The American Enterprise Institute hosted a panel yesterday on the (lack of) evidence for preschool’s effectiveness. The discussion was lively and informative, but one seemingly innocuous comment by a panelist left me troubled. Timothy Bartik, an economist with the Upjohn Institute, argued that we should err on the side of “overinvesting” in preschool because the returns might turn out to be tremendous. He acknowledged the cost of funding programs that prove to be ineffective, but he seemed to regard the wasted money as the only potential downside.
But what about the downside of imposing needlessly stressful instruction and testing on young children? Case in point: Last week the New York Times posted an undercover video taken at a charter school run by Success Academy, which prides itself on superior test scores. The video shows one of Success Academy’s designated “model teachers” tearing up a paper and screaming at a first-grader for failing to solve a math problem. The child is sent to the “calm-down chair,” even though it’s obvious that the only person in the room who needs to calm down is the teacher.
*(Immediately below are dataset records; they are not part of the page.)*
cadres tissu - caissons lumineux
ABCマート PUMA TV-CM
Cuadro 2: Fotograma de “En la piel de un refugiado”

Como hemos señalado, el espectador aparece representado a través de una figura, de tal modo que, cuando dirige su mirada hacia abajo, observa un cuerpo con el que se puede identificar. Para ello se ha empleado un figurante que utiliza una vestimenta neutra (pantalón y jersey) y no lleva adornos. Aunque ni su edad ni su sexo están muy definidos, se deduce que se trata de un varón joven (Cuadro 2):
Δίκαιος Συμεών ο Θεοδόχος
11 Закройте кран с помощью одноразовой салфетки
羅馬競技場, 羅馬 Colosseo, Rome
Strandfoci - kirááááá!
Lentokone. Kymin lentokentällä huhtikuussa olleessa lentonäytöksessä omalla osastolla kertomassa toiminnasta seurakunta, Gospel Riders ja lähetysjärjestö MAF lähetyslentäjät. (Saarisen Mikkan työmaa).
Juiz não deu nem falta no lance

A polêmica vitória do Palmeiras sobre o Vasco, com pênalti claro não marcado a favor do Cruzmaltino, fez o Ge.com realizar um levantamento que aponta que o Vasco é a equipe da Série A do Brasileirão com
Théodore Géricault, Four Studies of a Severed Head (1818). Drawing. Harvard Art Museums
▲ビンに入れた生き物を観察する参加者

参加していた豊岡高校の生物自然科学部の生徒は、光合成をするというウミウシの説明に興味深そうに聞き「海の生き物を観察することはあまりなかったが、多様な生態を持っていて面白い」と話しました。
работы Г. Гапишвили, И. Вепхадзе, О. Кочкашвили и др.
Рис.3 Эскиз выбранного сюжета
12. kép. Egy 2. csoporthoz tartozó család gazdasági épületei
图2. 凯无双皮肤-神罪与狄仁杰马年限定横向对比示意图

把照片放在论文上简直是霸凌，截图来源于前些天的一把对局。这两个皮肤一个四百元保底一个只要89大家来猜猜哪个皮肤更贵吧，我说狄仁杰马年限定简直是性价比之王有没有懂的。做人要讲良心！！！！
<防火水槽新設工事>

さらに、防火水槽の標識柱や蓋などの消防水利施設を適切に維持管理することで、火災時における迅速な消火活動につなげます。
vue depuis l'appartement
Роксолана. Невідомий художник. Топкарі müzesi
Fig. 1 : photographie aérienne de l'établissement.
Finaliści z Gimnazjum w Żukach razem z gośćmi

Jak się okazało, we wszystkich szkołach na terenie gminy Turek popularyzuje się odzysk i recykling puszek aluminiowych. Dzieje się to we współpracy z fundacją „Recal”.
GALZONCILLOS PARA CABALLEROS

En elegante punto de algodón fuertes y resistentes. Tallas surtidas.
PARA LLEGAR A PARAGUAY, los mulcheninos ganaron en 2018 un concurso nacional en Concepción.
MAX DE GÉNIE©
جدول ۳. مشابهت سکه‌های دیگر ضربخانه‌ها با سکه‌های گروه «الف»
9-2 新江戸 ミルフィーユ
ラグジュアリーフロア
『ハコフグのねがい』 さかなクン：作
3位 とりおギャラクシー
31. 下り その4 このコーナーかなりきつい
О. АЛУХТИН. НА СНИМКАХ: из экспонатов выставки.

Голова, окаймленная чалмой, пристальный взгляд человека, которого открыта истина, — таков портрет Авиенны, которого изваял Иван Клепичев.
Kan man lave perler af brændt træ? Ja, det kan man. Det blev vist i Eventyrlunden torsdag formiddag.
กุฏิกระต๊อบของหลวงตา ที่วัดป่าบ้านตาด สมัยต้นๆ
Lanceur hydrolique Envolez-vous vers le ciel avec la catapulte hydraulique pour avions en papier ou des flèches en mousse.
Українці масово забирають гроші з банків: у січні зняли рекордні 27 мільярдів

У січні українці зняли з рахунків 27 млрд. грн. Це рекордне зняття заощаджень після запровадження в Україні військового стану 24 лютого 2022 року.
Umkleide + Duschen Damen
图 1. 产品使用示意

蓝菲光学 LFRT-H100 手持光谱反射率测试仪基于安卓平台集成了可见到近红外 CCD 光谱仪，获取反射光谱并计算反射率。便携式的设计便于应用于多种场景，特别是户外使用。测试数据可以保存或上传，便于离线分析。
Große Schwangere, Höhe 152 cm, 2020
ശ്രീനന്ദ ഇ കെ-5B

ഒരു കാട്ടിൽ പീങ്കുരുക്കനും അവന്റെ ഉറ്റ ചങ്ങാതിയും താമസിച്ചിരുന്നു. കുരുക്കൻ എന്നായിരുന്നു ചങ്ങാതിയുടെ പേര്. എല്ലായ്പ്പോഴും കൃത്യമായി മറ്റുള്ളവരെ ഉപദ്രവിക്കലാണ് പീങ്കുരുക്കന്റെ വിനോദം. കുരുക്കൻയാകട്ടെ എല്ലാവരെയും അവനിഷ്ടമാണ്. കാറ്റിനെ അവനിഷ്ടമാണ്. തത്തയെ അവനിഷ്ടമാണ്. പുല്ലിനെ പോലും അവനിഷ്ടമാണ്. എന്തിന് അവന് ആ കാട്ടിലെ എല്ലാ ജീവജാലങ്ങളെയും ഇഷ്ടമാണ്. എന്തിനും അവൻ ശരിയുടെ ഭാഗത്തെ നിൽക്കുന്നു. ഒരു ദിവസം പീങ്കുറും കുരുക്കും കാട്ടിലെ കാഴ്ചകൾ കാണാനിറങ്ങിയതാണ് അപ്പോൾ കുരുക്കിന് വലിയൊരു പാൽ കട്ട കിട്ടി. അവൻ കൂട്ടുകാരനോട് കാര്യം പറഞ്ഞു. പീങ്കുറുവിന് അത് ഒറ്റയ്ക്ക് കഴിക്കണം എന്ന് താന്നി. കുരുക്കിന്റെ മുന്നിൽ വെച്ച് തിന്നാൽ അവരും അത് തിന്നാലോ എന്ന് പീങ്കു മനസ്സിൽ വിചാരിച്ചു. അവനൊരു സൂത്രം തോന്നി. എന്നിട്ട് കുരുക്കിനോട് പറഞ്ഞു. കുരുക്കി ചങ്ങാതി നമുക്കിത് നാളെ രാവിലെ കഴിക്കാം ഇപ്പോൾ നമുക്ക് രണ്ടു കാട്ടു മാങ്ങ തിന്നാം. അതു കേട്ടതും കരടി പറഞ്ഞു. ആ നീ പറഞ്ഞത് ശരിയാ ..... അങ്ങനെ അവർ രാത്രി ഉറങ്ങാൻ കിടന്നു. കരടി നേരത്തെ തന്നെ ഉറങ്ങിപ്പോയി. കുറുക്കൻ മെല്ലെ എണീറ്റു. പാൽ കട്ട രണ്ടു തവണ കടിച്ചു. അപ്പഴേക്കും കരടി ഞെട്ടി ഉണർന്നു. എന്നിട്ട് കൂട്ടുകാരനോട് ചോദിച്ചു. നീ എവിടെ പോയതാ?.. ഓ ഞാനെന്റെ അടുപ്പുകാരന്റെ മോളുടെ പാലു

The incident fuels the perception that parts of the American education system have grown ruthlessly obsessed with test scores as the be-all and end-all of schooling, even for the youngest children. The “model teacher” may have wrenched higher performance out of her students through fear and intimidation, and she was not alone according to the Times:
Several of the current and former staff members interviewed said that the network’s culture encouraged teachers to make students fear them in order to motivate them. Carly Ginsberg, 22, who taught for about six months last year at Success Academy Prospect Heights, said teachers ripped up the papers of children as young as kindergarten as the principal or assistant principal watched. She once witnessed a girl’s humiliation as the principal mocked her low test score to another adult in front of the child.
In one instance, the lead kindergarten teacher in her classroom made a girl who had stumbled reciting a math problem cry so hard that she vomited. Ms. Ginsberg resigned in December because she was so uncomfortable with the school’s approach. “It felt like I was witnessing child abuse,” she said, adding, “If this were my kindergarten experience, I would be traumatized.”
Perhaps these anecdotes are uncommon and exaggerated. But when we push testing at younger and younger ages, and make school funding and teacher salaries contingent on test scores, and set up charter schools with high scores as their chief selling point, how could we not expect ugly incidents such as those described above? It seems inevitable.
Preschool contributes to the problem. Advocates increasingly see it not only as remediation for the most disadvantaged children, but also as an opportunity to simply get kids into the school system earlier. At the AEI event, both Bartik and Georgetown professor Bill Gormley stated that children from middle-class families — not just poor kids — have much to gain from preschool. Gormley even suggested that preschool effects fade out because kindergarten has become too basic for kids who attended preschool. The unstated implication was that everyone should attend preschool, and kindergarteners should learn more advanced topics. Where does this end?
Despite the slight ease-up on testing in the new federal law that replaces No Child Left Behind, I fear that some in the education policy community do not take seriously the stress imposed on young children. “Overinvesting” in their education does have a real downside.